[[ Dataset, beginning ]]

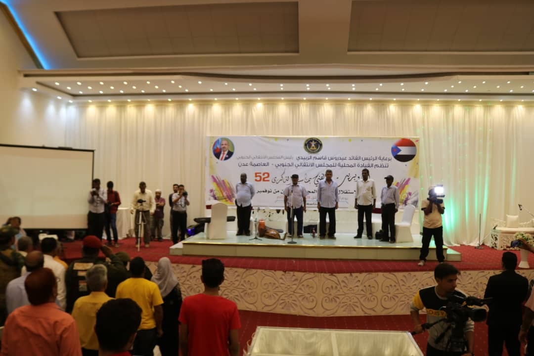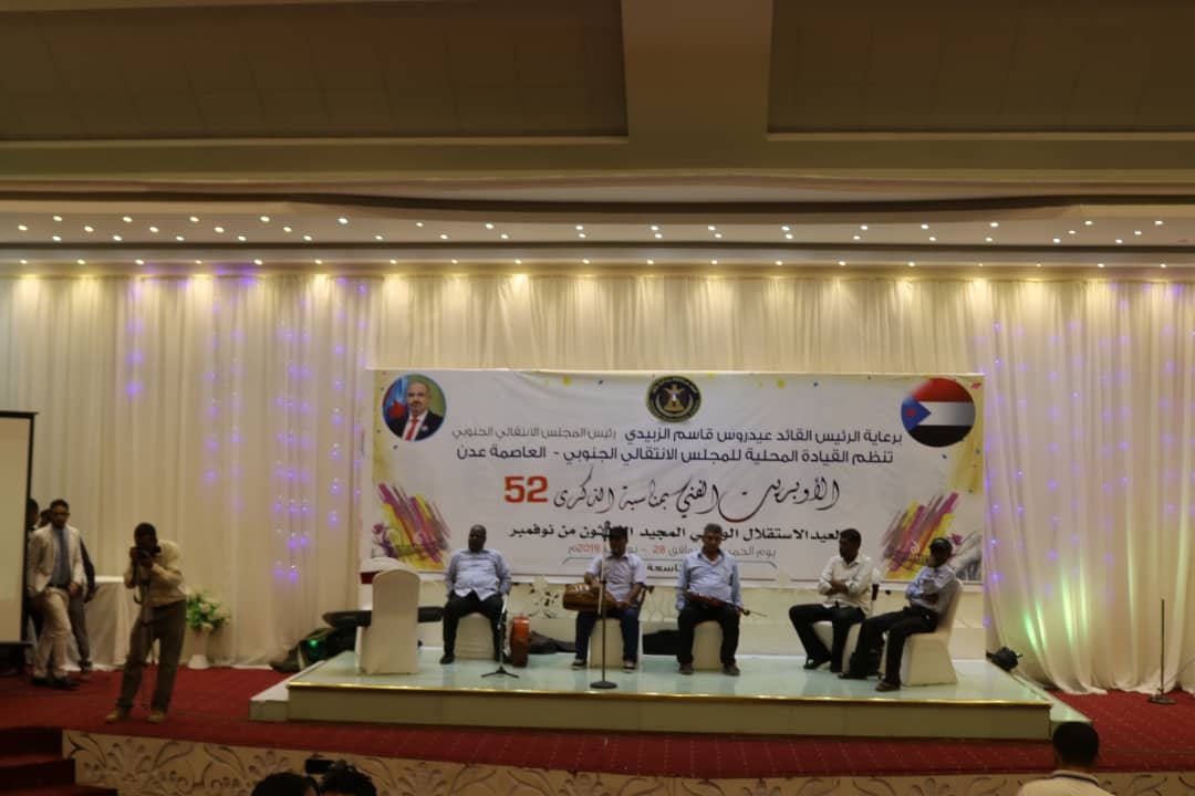 نظمت القيادة المحلية للمجلس بالعاصمة عدن، اليوم الخميس الأوبريت الفني الذي حمل عنوان "إرادة شعب"، وذلك بمناسبة الذكرى 52 للاستقلال المجيد 30 نوفمبر، برعاية كريمة من الرئيس القائد عيدروس قاسم الزبيدي، رئيس المجلس الانتقالي الجنوبي.
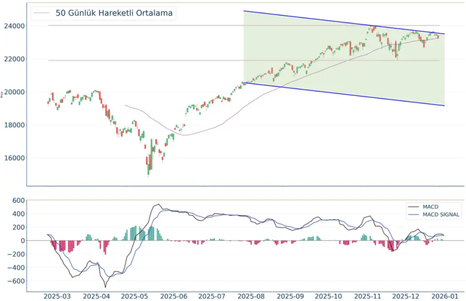 Nasdaq Endeksi geçtiğimiz gün %0.76 azalarak 23.241 seviyelerinden işlem görüyorken 50 günlük hareketli ortalaması olan 23.246 seviyesinin de %0 altında seyrediyor. Bu seviyeye göre Nasdaq Endeksi için orta vadeli pozitif görünüm hakimdir. Destek ve direnç seviyeleri; Son kapanışla birlikte 23.273 desteği kalıcı olamadı ve aşağı yönlü kırıldı. Gün itibarıyla yeni destek olarak 23.108 seviyesi takip ediliyor, ikinci destek seviyesi ise 22.705 oldu. Direnç seviyeleri için ise 23.808-23.938 takip edilecektir.
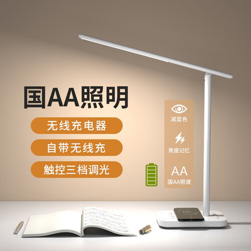拥有护眼的双光源,可以根据使用场景选择合适的亮度和色温,更好的呵护眼睛。配有无线充电器,放下即充,使用更便捷。
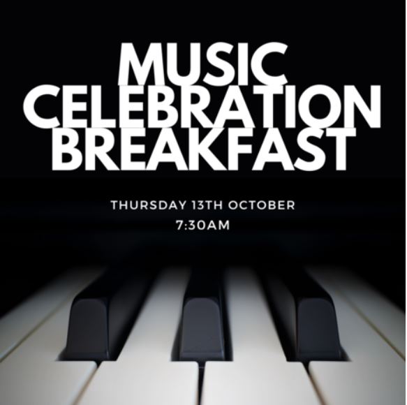 Celebration of Music Breakfast The Jamie and Rebecca Gray Theatre Thursday 13 October: 7.30am till 8.30am |
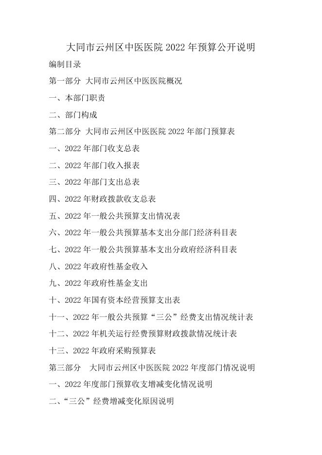 大同市云州区中医医院2022年预算公开说明.doc
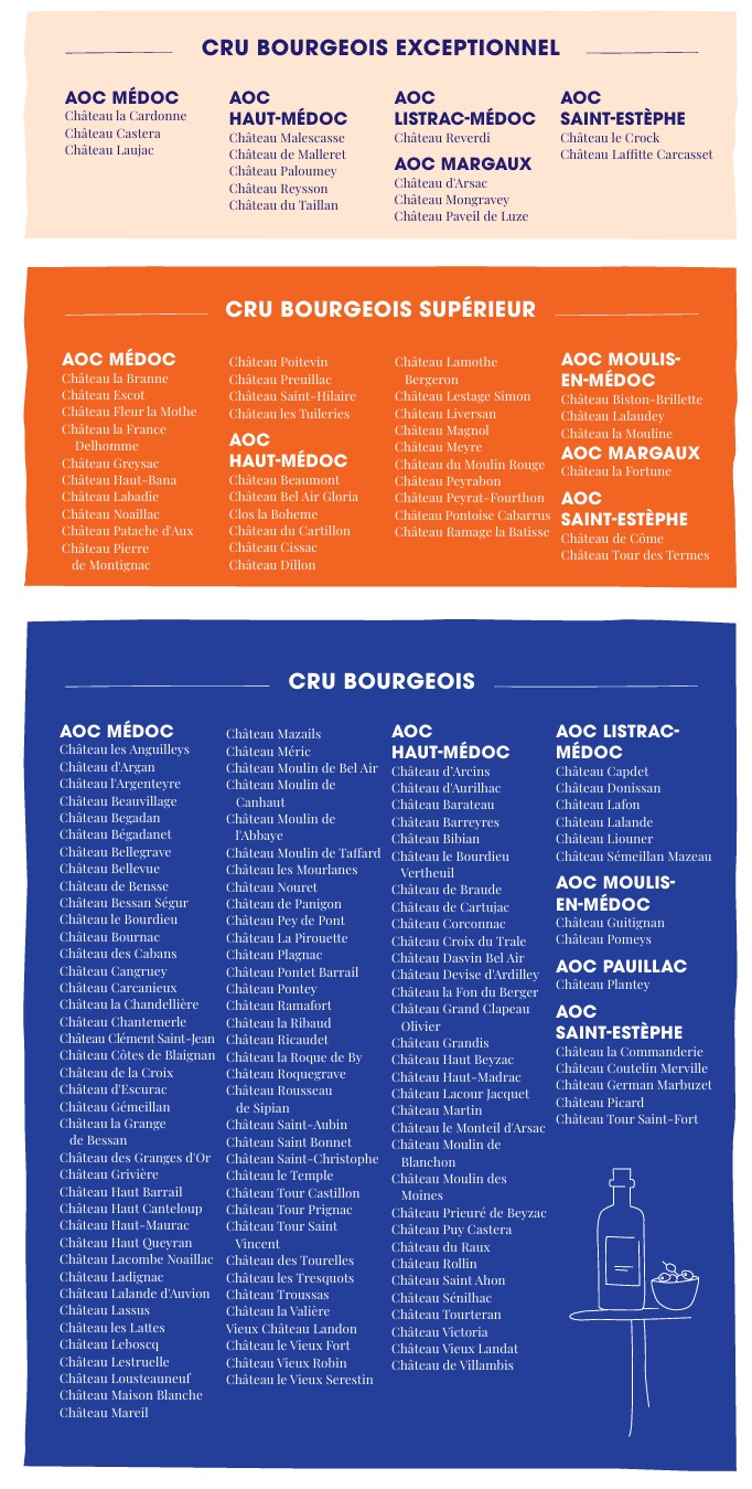 The Crus Bourgeois classification encompasses châteaux across eight key Médoc appellations:
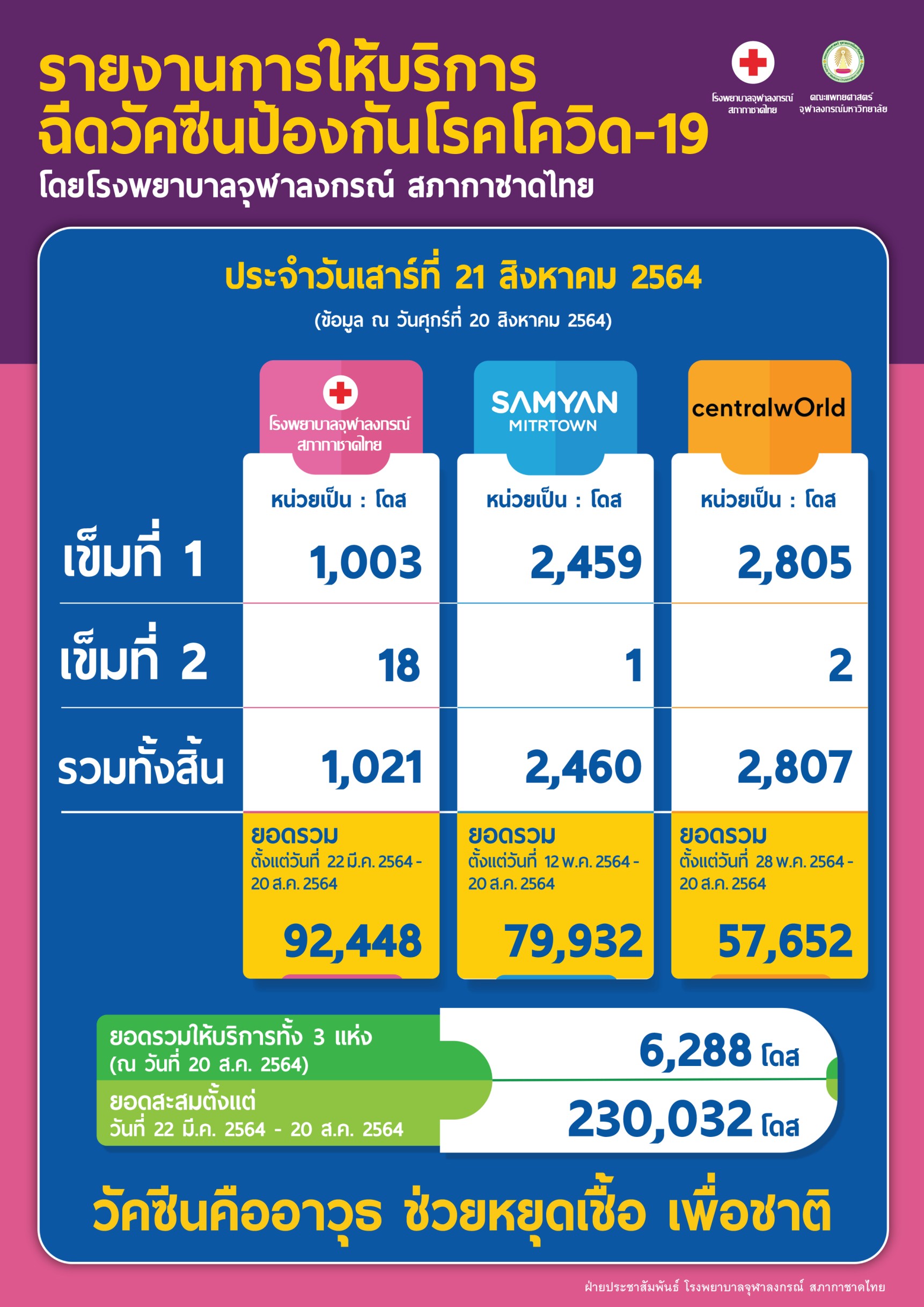 รายงานการให้บริการ ฉีดวัคซีนป้องกันโรคโควิด-19 โดยโรงพยาบาลจุฬาลงกรณ์ สภากาชาดไทย ประจำวันเสาร์ที่ 21 สิงหาคม 2564

[[ Dataset, end ]]

◆ Aim of the task ◆
Please repeat exactly the lines from the one containing "Celebration of Music" through the last line of the records, both included, and leave out the pictures.

◆ Answer for this exercise ◆
 Celebration of Music Breakfast The Jamie and Rebecca Gray Theatre Thursday 13 October: 7.30am till 8.30am |
 大同市云州区中医医院2022年预算公开说明.doc
 The Crus Bourgeois classification encompasses châteaux across eight key Médoc appellations:
 รายงานการให้บริการ ฉีดวัคซีนป้องกันโรคโควิด-19 โดยโรงพยาบาลจุฬาลงกรณ์ สภากาชาดไทย ประจำวันเสาร์ที่ 21 สิงหาคม 2564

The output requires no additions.